Not only did it establish the Sports Activity Coupé segment, but it owned it for the best part of the past decade, finding BMW nearly 300,000 customers and spawning further models like the X4 in 2014 and the X2, set to be launched sometime next year. Although a little late to the party, Stuttgart started its counter-offensive in 2015 with the GLE Coupé, and early last year, the smaller X4-rivalling GLC Coupé, which we have here this week.
Most of you are now familiar with Mercedes-Benz’s revamped naming convention, and would know from the name that the GLC Class is based on the brilliant C-Class platform. At 4,727mm long, 1,593mm tall, 2,000mm wide and with a wheelbase of 2,827mm, it’s a relatively compact vehicle, but it’s longer, wider and lower than the standard GLC with which it shares its basic architecture.
But what makes the Coupé different is obviously its styling. The front fascia is dominated by the single-louvre diamond radiator grille with the tri-star in the middle, which is usually reserved for the brand’s sportier models. On either side are headlights similar in design to the ones in the C-Class, complete with the signature LED ‘brows’. These, combined with the short overhangs, and the stretched, sloping roofline, muscular shoulders, narrow tail lights that have taken cues from the S-Class and C-Class Coupés, and a prominent spoiler lip on the deck lid lend it a unique, aggressive yet elegant appearance. Styling-wise it’s a better-looking car than the X4.
For all the design changes on the exterior, everything in the cabin except the flat-bottomed steering looks pretty much the same as the standard GLC’s, but that’s not a bad thing at all. The layout’s elegant and minimalist, the materials used are of the highest quality, and the craftsmanship is flawless; the tablet-like infotainment screen that looks tacked-on is the only thing standing out as an eyesore.

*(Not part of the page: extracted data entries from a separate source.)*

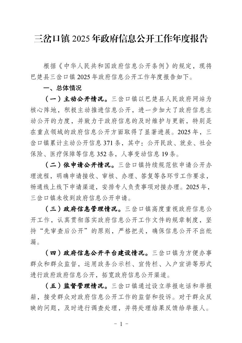 三岔口镇2025年政府信息公开工作年度报告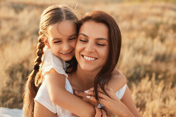 A beautiful, candid moment of a smiling mother and daughter embracing together in a rustic outdoor setting, showcasing love, connection, and natural serenity during a sunlit day.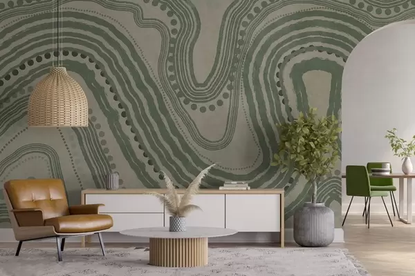 Fototapeedid Abstraktsed rohelised ja beežid lainelised jooned ja punktid, modernne tekstuuriga kunst Nr w09747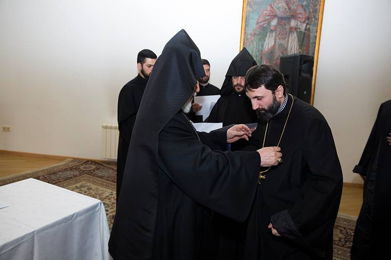 Following opening remarks, the awards ceremony was held. The right to wear the Pectoral Cross was granted to Rev. Fr. Nshan Alaverdyan (Ararat Patriarchal Diocese); Rev. Fr. Matatia Gasparyan (St. Gregory the Illuminator Church, Yerevan); Rev. Fr. Sarkis Sargsyan and Rev. Fr. Tade Takhmazyan (Diocese of Aragatsotn); Rev. Fr. Nerses Arshakyan (Diocese of Vayots Dzor); Rev. Fr. Vahan Heboyan and Rev. Fr. Pargev Zeynalian (Diocese of Syunik); Rev. Fr. Abraham Martirosyan and Rev. Fr. Grigoris Dermenjian (Diocese of Gougark); Rev. Fr. Smbat Abrahamyan and Rev. Fr. Arshavir Asatryan (Diocese of Tavoush); Rev. Fr. Shnorhk Shahinyan and Rev. Fr. Aris Khachatryan (Armed Forces Chaplaincy); Rev. Fr. Vagharsh Isakhanyan (Central European delegation) and Rev. Fr. Karapet Gharibyan (Diocese of Ukraine).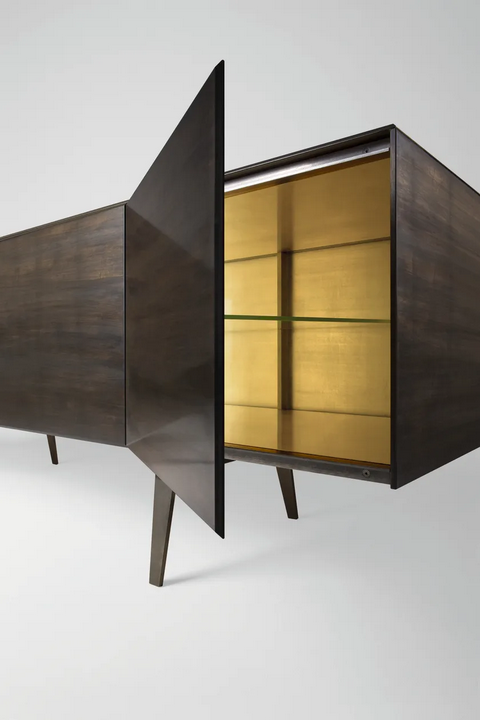 Dieser Sideboard verkörpert einen modernen Stil, der durch klare Linien und einen minimalistischen Ansatz gekennzeichnet ist, der die künstlerischen Elemente hervorhebt. Das Design vereint traditionelle Handwerkskunst mit zeitgenössischer Ästhetik, was zu einem visuell auffälligen Stück führt, das in jeder Umgebung herausragt. Sein schlankes Profil und die eleganten Oberflächen machen es zu einer zeitlosen Ergänzung für jeden Raum.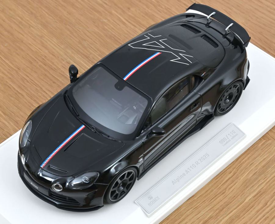 Il primo modello riproduce la versione A110 R nella configurazione “French Signature” 2025, proposta nella colorazione Noir Profond; referenza di catalogo 185436 e tiratura limitata di 110 esemplari numerati.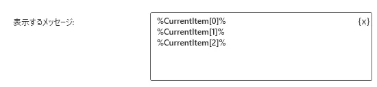 生成された変数の%CurrentItem%に1行のデータが格納されています。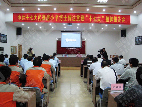 11月14日下午,阳光灿烂,秋风送爽,在喜庆的锣鼓和欢声笑语中,座落于广州市天河区珠吉街的广州市乐竞_乐竞(中国)设备制造有限公司迎来了党的十七大代表唐小平博士。唐小平代表面对国研公司党支部全体党员和公司全体员工,作了一场丰富详实、精彩生动的报告。珠吉街党工委、办事处领导班子成员、街属各支部书记、以及天河区委组织部、区委宣传部的有关负责同志应邀出席了报告会。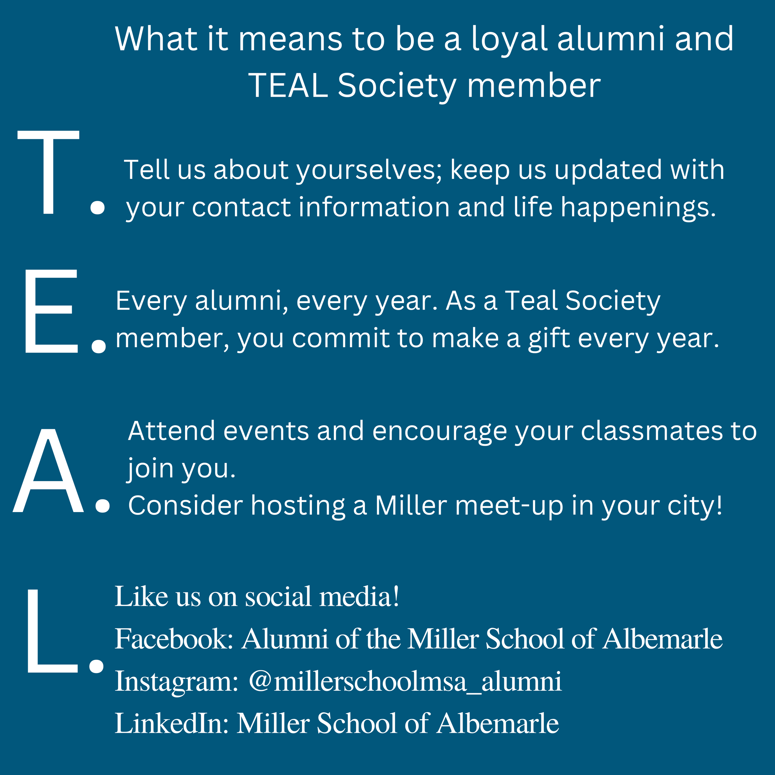 In the spirit of celebrating our past and our alumni, Miller School introduces the Teal Society, a giving society for our youngest graduates. Alumni who attended MSA in the past ten years and who make a gift to the annual fund in any amount will become a member of the Teal Society. Our goal is to recognize our recent graduates in a giving society that continues to engage them in the past, present, and future of their alma mater. Members of the Teal Society will receive a special recognition in the Bell Tower magazine published each fall and will receive some unique Miller gear.

The front buckets are comfortable with enough leg-, head- and shoulder room for two adults of above-average size. However, while the legroom isn’t a problem at the back, headroom for taller passengers is restricted by the sloping roof. Also, despite it being positioned as a five-seater, only two adults can realistically sit at the back.
There’s 500 litres of cargo space, but when you open the boot lid, it’s natural to feel shortchanged seeing the shallow luggage compartment. Don’t despair, the floor is removable, opening up more space underneath. The fact that the boot floor is lockable is good if you have valuables you’d like to keep out of sight. Dropping the electronically controlled 60:40 rear seats will free up even more space for those occasional Ikea trips.
It’s not just the looks that have been souped up, with Mercedes making a few changes to the suspension and steering systems as well. Although Mercedes says it has made the steering more direct than that of the standard GLC by retuning the ratio, the changes aren’t quite perceptible in regular driving conditions. That’s not to say it lacks in response or precision, as the regular GLC itself is a good car to drive, which is one of the reasons why it went on to be the Crossover of the Year in the last edition of our annual awards.
The suspension set-up is also pretty good with four modes, Eco, Comfort, Sport and Sport+, to choose from. There’s a clear difference in the car’s behaviour in each of these modes; in Sport and Sport+ the suspension is considerably stiffer and the steering heavier, while in Comfort, it offers a compliant ride, smoothing out any road imperfections it encounters.
Body roll is also kept well under check, even when you push it enthusiastically around a corner. While it’s a good crossover to drive, it pales in comparison to the BMW X4 M40i that we tested recently. But that’s an unfair comparison, and we’ll reserve our verdict until we get our hands on the new Merc-AMG GLC 43.
Our GLC 250 tester comes powered by a turbocharged 2.0-litre four-cylinder engine, good for 208bhp and 350Nm of torque. This peppy mill revs freely without any lag, and gives out a raspy exhaust note when pushed. Mated to a nine-speed automatic transmission, if shifts smoothly and builds up pace effortlessly.
If you’re in the market for a compact, yet stylish SUV, the GLC Coupé is highly recommended. While it might not match many of its rivals for excitement behind the wheel, it definitely looks more suave and graceful than most of the crossovers in this size, including the Jaguar F-Pace, Porsche Macan and the BMW X4. And it’s well worth the price premium over the standard GLC.